EXPLORATION Data was initially joined, analyzed, calculated, and visualized with Python. I explored spatial autocorrelation using the Local Moran's I statistic. The Local Moran maps were generated with Python. Heat maps and tree count maps were created in QGIS. All maps and visualizations were further refined in Adobe Illustrator.


Spatial Autocorrelation: Local Moran's I

Local spatial autocorrelation, referring to the relationship between a value to its neighboring values in space, allows us to identify clusters and outliers. I explored my data using the Local Moran's I statistic. Local Moran's I identifies four types of geographic areas:

• Hot Spots (clusters)
Areas with high values being near other areas with high values
Census tracts with high trees per capita near other tracts with high trees per capita

• Cold Spots (clusters)
Areas with low values being near other areas with low values
Census tracts with low trees per capita near other tracts with low trees per capita

• Diamonds (outliers)
think of a diamond in the rough
An area with a high value being near areas with low values
A census tract with high trees per capita near tracts with low trees per capita

• Doughnuts (outliers)
think of the empty center of a delicious doughnut
An area with a low value being near areas with high values
A census tract with low trees per capita near tracts with high trees per capita

When working with Moran's I, every value has an impact on the results. Extreme high and low values can skew the overall dataset, so where you opt to draw the line for outliers can impact the final output and generate vastly different maps. In my data exploration, I attempted a variety of slightly varied outlier trims before landing on maps that I felt best represented the data.
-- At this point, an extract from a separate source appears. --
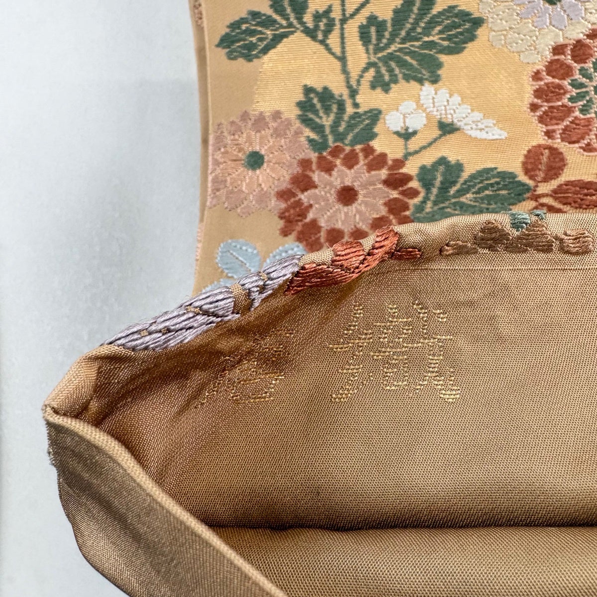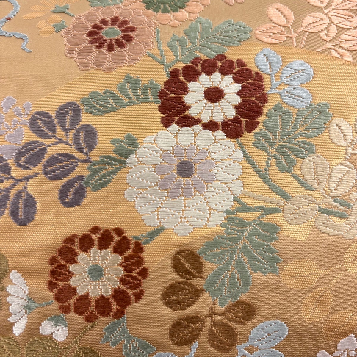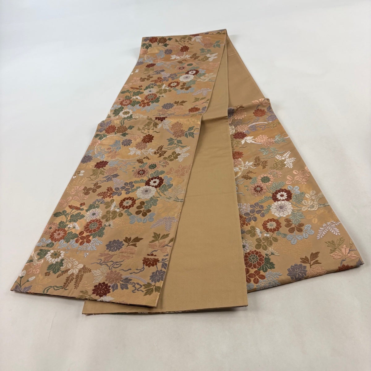 袋帯 秀品 秋草文 扇面 唐織 箔 薄茶色 六通 正絹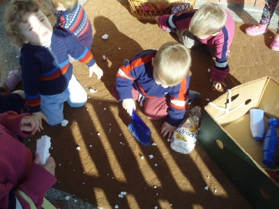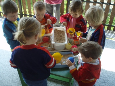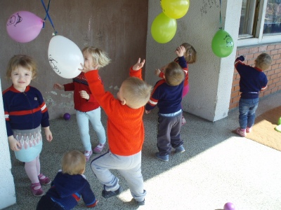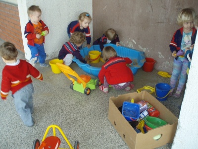 IGRE NA TERASI 17.4.2016. IGRE NA TERASI 14.4.2016. Na terasi podružnice Neven odgojiteljice II. jaslica nude razne poticaje za igre tijekom boravka na zraku. Među materijalima koji pobuđuju dječji interes za istraživanjem i kretanjem su piljevina, pijesak, cvjetovi, baloni te igračke na vuču izrađene od raznih neoblikovanih materijala. Raznovrsna ponuda motivira djecu na kretanje i istraživanje i zadovoljava njihovu potrebu da dio dnevnih aktivnosti provedu na zraku. Odgojiteljice: Ana Carek i Nada Keco

I first visualized spatial autocorrelation for all of New York City, but since the five boroughs vary greatly (it is hard to find many similarities between Manhattan and Staten Island, for example), I drilled down to look at each borough independently. In addition to the maps of clusters and outliers, I included three heat maps displaying population per square mile, tree count per square mile, and median household income. Although income was not included in my analysis, I found it informative to consider a snapshot of its distribution.
map of New York City, using Local Moran's I statistic to display hotspots and outliers of Trees per Capita, per 2020 census tract
New York City, heat map, census tract, population per square mile
New York City, heat map, census tract, trees per square mile
New York City, heat map, census tract, median household income

map of Manhattan, New York City, using Local Moran's I statistic to display hotspots and outliers of Trees per Capita, per 2020 census tract
Manhattan, New York City, heat map, census tract, population per square mile
Manhattan, New York City, heat map, census tract, trees per square mile
Manhattan, New York City, heat map, census tract, median household income

map of Brooklyn, New York City, using Local Moran's I statistic to display hotspots and outliers of Trees per Capita, per 2020 census tract
Brooklyn, New York City, heat map, census tract, population per square mile
Brooklyn, New York City, heat map, census tract, trees per square mile
Brooklyn, New York City, heat map, census tract, median household income

map of Queens, New York City, using Local Moran's I statistic to display hotspots and outliers of Trees per Capita, per 2020 census tract
Queens, New York City, heat map, census tract, population per square mile
Queens, New York City, heat map, census tract, trees per square mile
Queens, New York City, heat map, census tract, median household income

map of Bronx, New York City, using Local Moran's I statistic to display hotspots and outliers of Trees per Capita, per 2020 census tract
Bronx, New York City, heat map, census tract, population per square mile
Bronx, New York City, heat map, census tract, trees per square mile
Bronx, New York City, heat map, census tract, median household income

map of Staten Island, New York City, using Local Moran's I statistic to display hotspots and outliers of Trees per Capita, per 2020 census tract
Staten Island, New York City, heat map, census tract, population per square mile
Staten Island, New York City, heat map, census tract, trees per square mile
Staten Island, New York City, heat map, census tract, median household income

Tree Counts

Spatial autocorrelation makes for interesting maps, but ultimately serves to raise more questions than answers. My analysis stopped at the visualizations, and did not further explore what variables might explain the presence of hot spots or outliers. Additionally, clean maps with no geographic labels are visually appealing, but make it difficult to orientate oneself and pinpoint specific areas. It was with these limitations in mind that I opted to explore a more straightforward metric - trees per square mile by neighborhood.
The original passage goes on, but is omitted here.